▶ **Instructions to follow**: Every line of the listing below should come back exactly as written, with no images.

▶ **Dataset extract**:
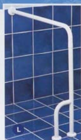
Art. 800 Wall-to-floor supporting bar 78 x 80 cm.
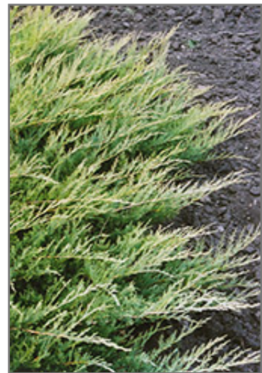
Broadmoor Juniper foliage
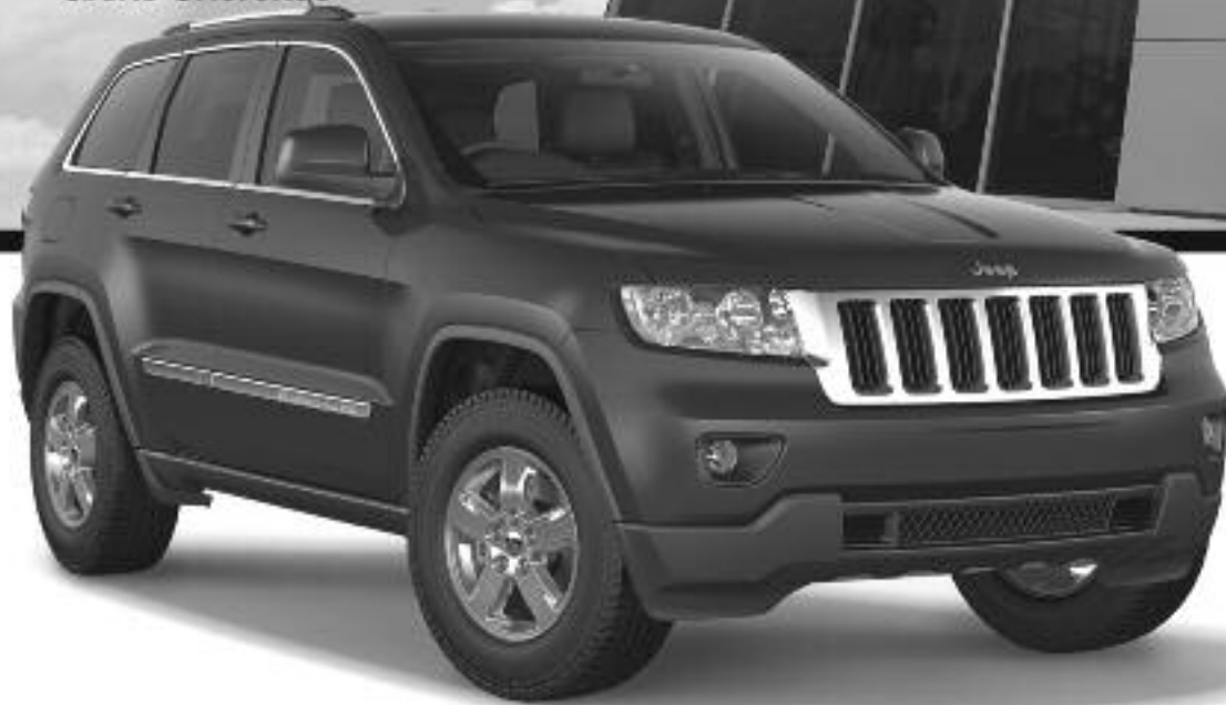
2013 Jeep Grand Cherokee
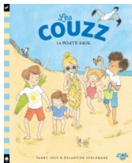
Les Couzz - La Mouette rieuse

▶ **Solution to this problem**:
Art. 800 Wall-to-floor supporting bar 78 x 80 cm.
Broadmoor Juniper foliage
2013 Jeep Grand Cherokee
Les Couzz - La Mouette rieuse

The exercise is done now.